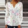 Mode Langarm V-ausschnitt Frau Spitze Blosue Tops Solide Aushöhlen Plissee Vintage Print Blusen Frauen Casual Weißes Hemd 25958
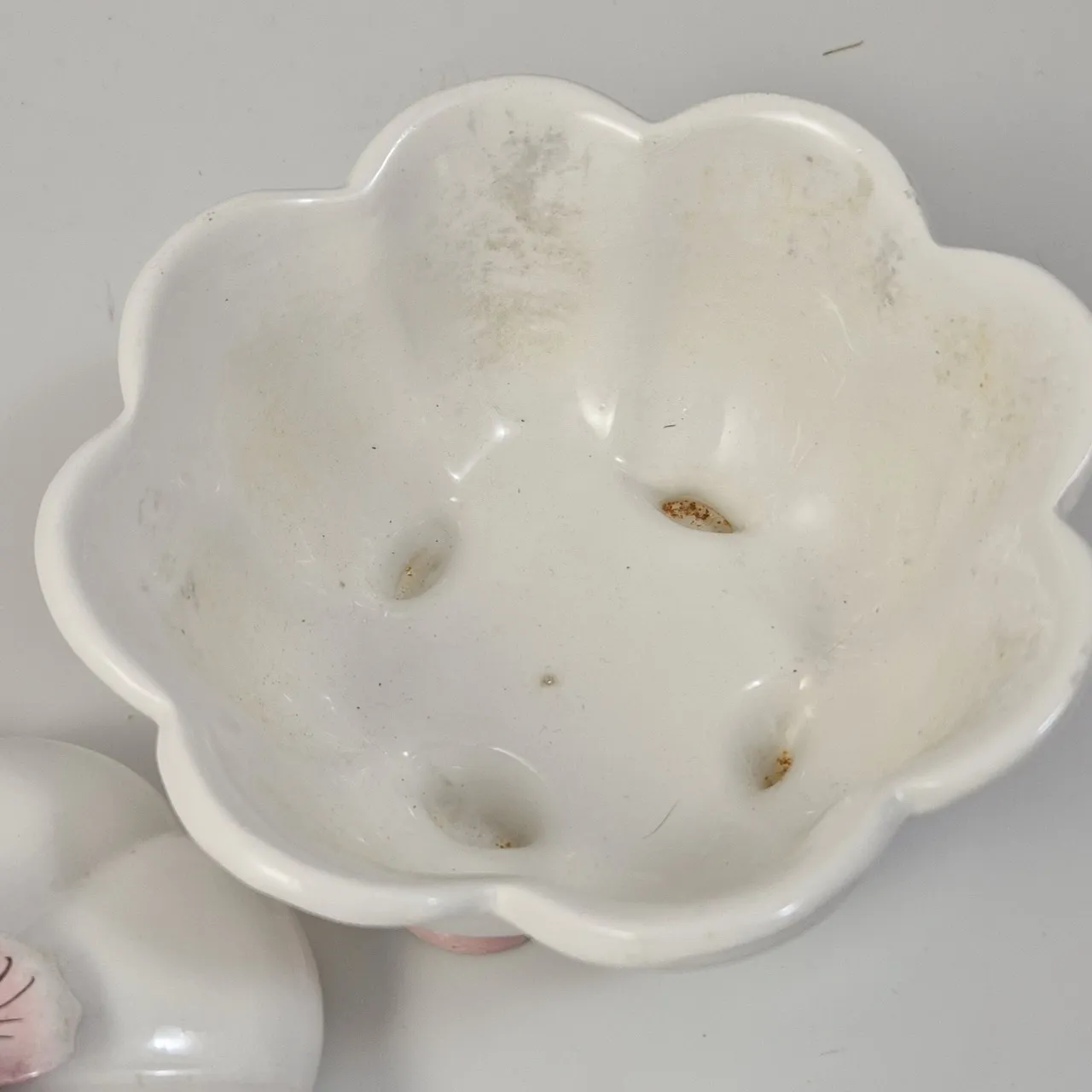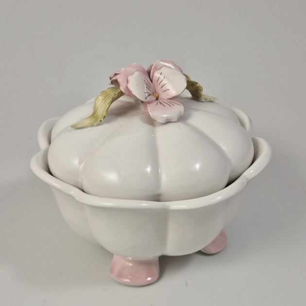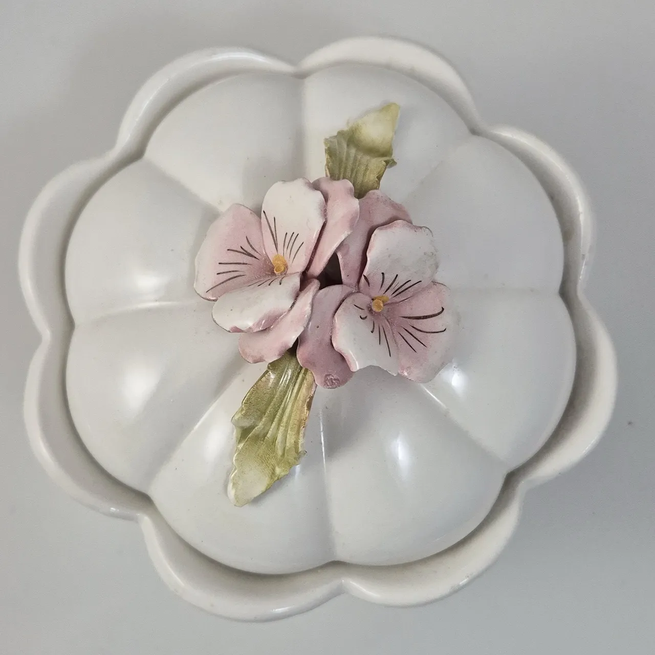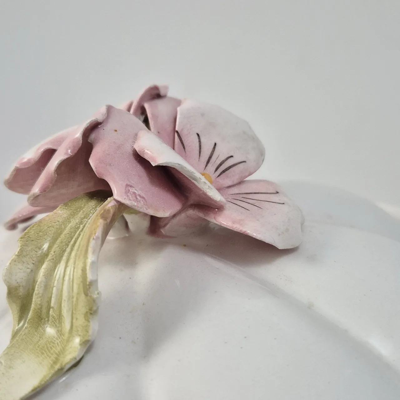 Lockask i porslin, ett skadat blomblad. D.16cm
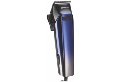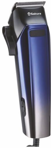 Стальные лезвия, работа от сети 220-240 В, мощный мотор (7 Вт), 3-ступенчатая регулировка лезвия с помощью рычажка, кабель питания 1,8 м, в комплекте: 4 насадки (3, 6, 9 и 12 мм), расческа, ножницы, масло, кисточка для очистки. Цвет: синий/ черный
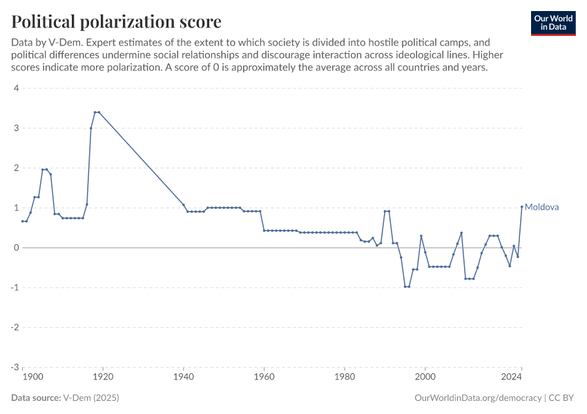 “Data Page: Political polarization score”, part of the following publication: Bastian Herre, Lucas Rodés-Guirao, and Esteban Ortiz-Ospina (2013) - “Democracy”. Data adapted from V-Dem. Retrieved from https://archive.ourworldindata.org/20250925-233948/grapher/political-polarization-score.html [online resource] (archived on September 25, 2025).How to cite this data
--- --- ---
• _What is required_
Extract all the data above exactly, excluding every picture.

• _Response below_
 Mode Langarm V-ausschnitt Frau Spitze Blosue Tops Solide Aushöhlen Plissee Vintage Print Blusen Frauen Casual Weißes Hemd 25958
 Lockask i porslin, ett skadat blomblad. D.16cm
 Стальные лезвия, работа от сети 220-240 В, мощный мотор (7 Вт), 3-ступенчатая регулировка лезвия с помощью рычажка, кабель питания 1,8 м, в комплекте: 4 насадки (3, 6, 9 и 12 мм), расческа, ножницы, масло, кисточка для очистки. Цвет: синий/ черный
 “Data Page: Political polarization score”, part of the following publication: Bastian Herre, Lucas Rodés-Guirao, and Esteban Ortiz-Ospina (2013) - “Democracy”. Data adapted from V-Dem. Retrieved from https://archive.ourworldindata.org/20250925-233948/grapher/political-polarization-score.html [online resource] (archived on September 25, 2025).How to cite this data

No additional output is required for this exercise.